Task directions
A partial copy is required: transcribe exactly the lines from the one containing "Spring khaki Cartoon" through the last line below, without any pictures.

========

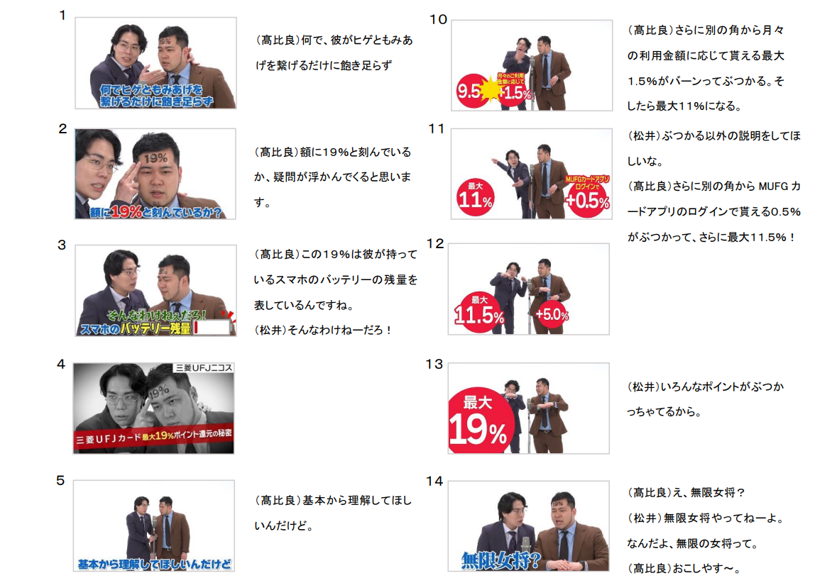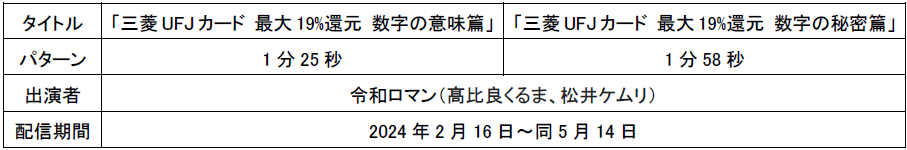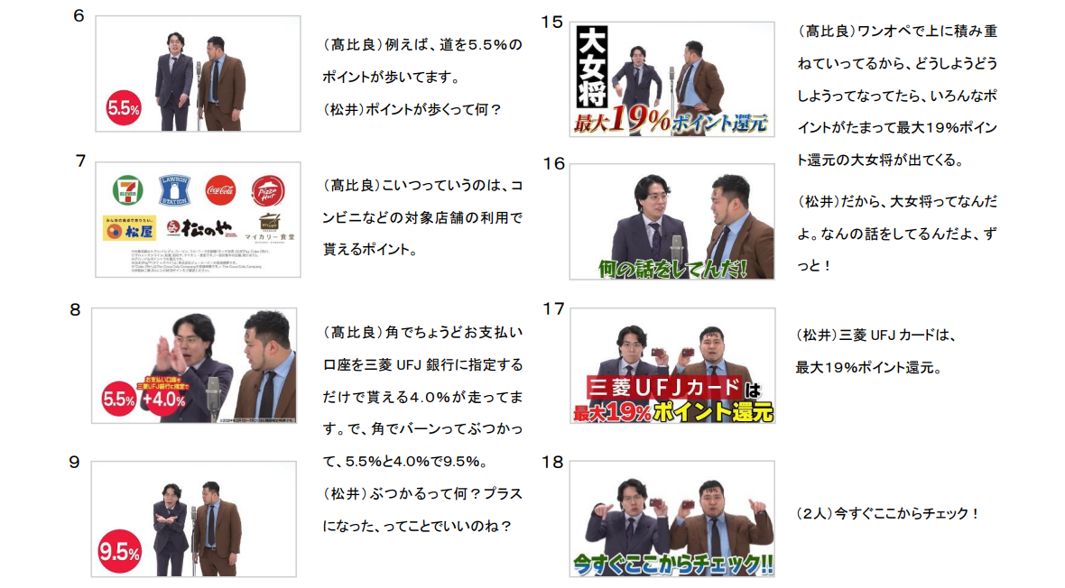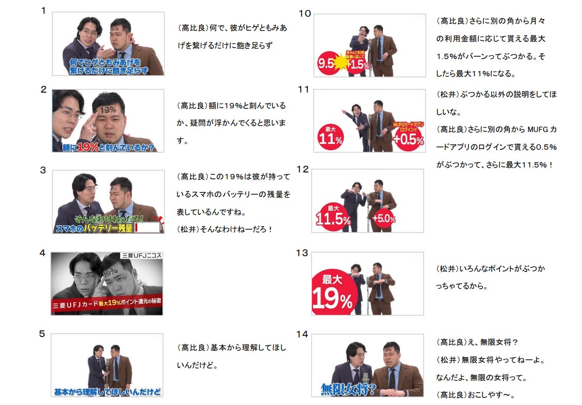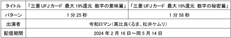 両篇では2月1日から開催中の、ポイント優遇加盟店での三菱UFJカードの利用と対象サービスの登録・利用等に応じて最大19%相当(※1)のポイントが貯まる企画(※2)のお得感を“令和ロマン”ならではの漫才で紹介。「数字の意味篇」では「最大19%」の高い還元率を、「数字の秘密篇」ではその具体的な特典内容をそれぞれ説明するもので、両篇を通して三菱UFJカードでお得にポイントが貯まることを訴求するものです。
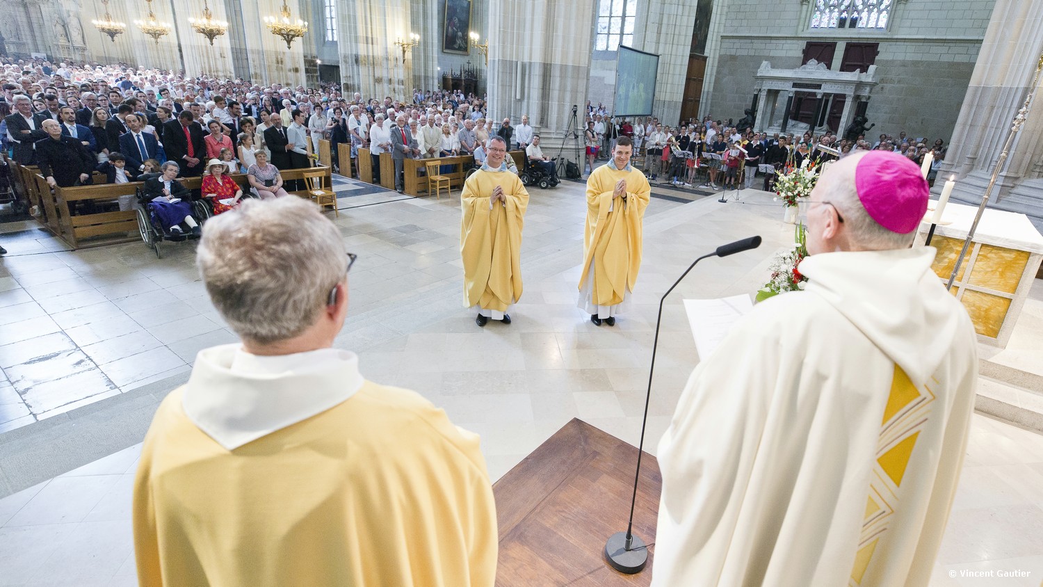 Nicolas Harel et Thomas Cruchet ont été ordonnés prêtres pour le diocèse de Nantes, le dimanche 23 juin, par Mgr Jean-Paul James. Voici, en quelques lignes et en photos les moments forts de cette ordination.
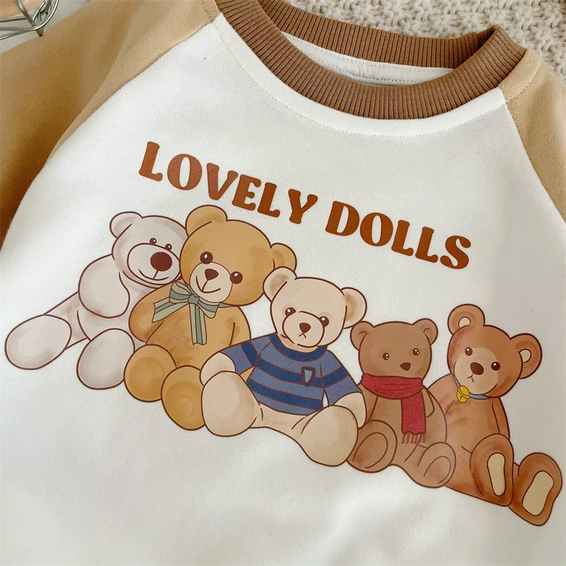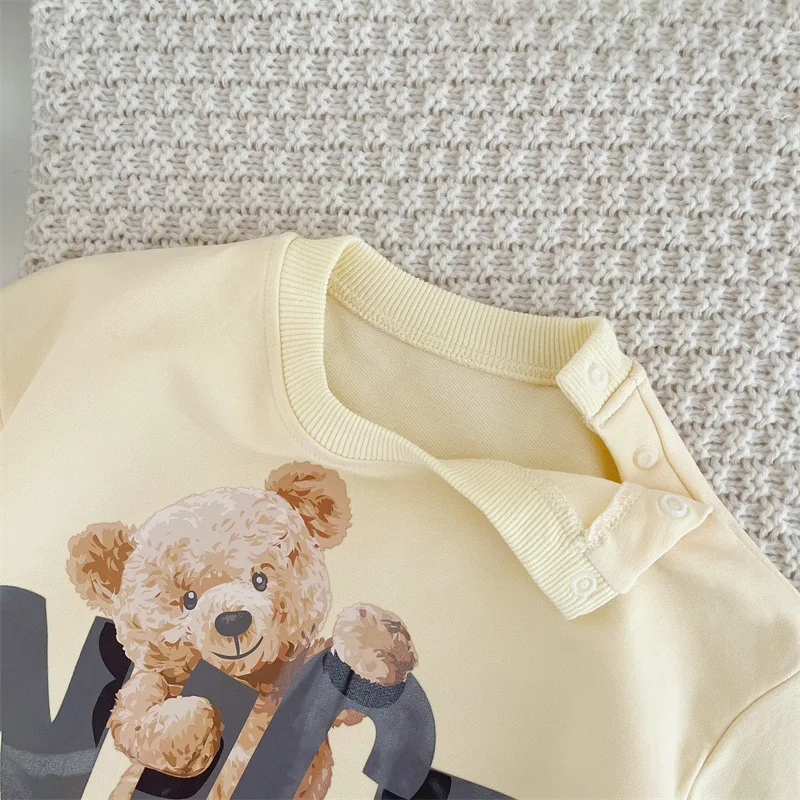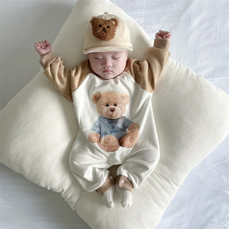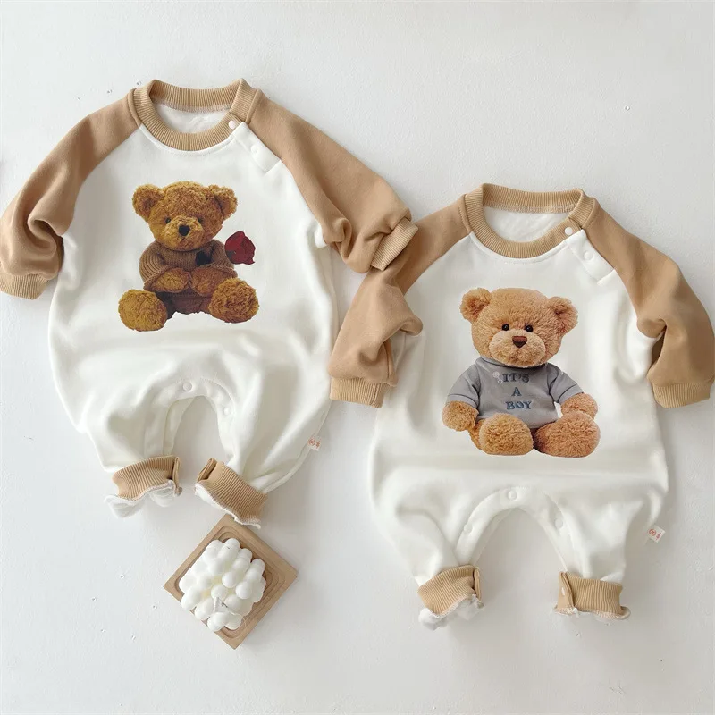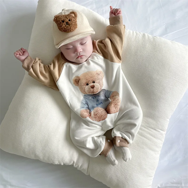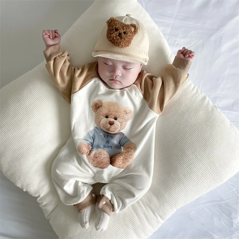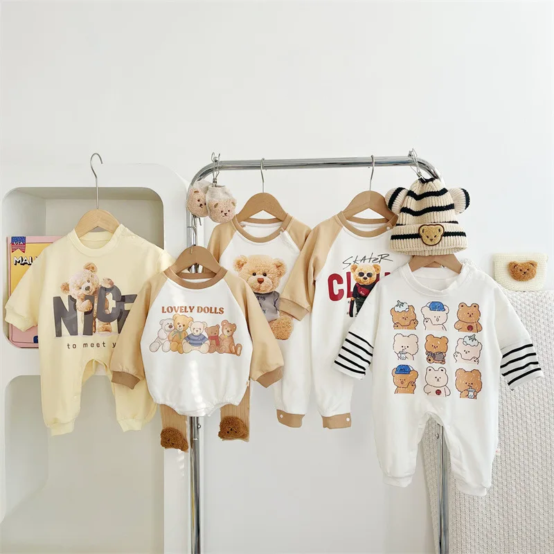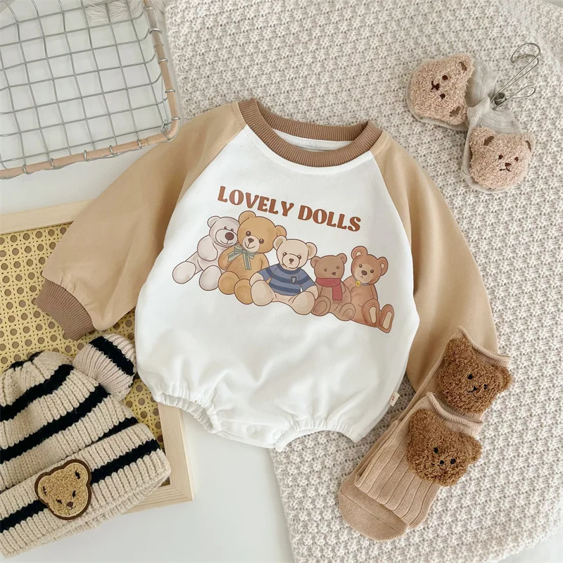 Spring khaki Cartoon Bear fashion sweater style jumpsuit for Gentalmen boys Onesie Cute girls Clothes 0-2 year
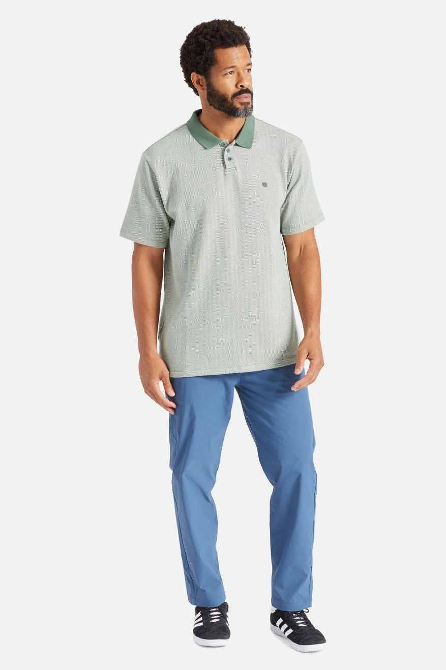 This standard-fit polo has been updated with a custom yarn-dye herringbone pattern for a nod to classic menswear. A three button placket and jacquard knit collar keep the classic polo presence.
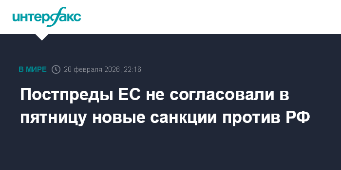 Москва. 20 февраля. INTERFAX.RU - Постпреды стран ЕС в ходе встречи в пятницу не смогли договориться о новом санкционном пакете против России, сообщают европейские СМИ.

========

Answer below
 Spring khaki Cartoon Bear fashion sweater style jumpsuit for Gentalmen boys Onesie Cute girls Clothes 0-2 year
 This standard-fit polo has been updated with a custom yarn-dye herringbone pattern for a nod to classic menswear. A three button placket and jacquard knit collar keep the classic polo presence.
 Москва. 20 февраля. INTERFAX.RU - Постпреды стран ЕС в ходе встречи в пятницу не смогли договориться о новом санкционном пакете против России, сообщают европейские СМИ.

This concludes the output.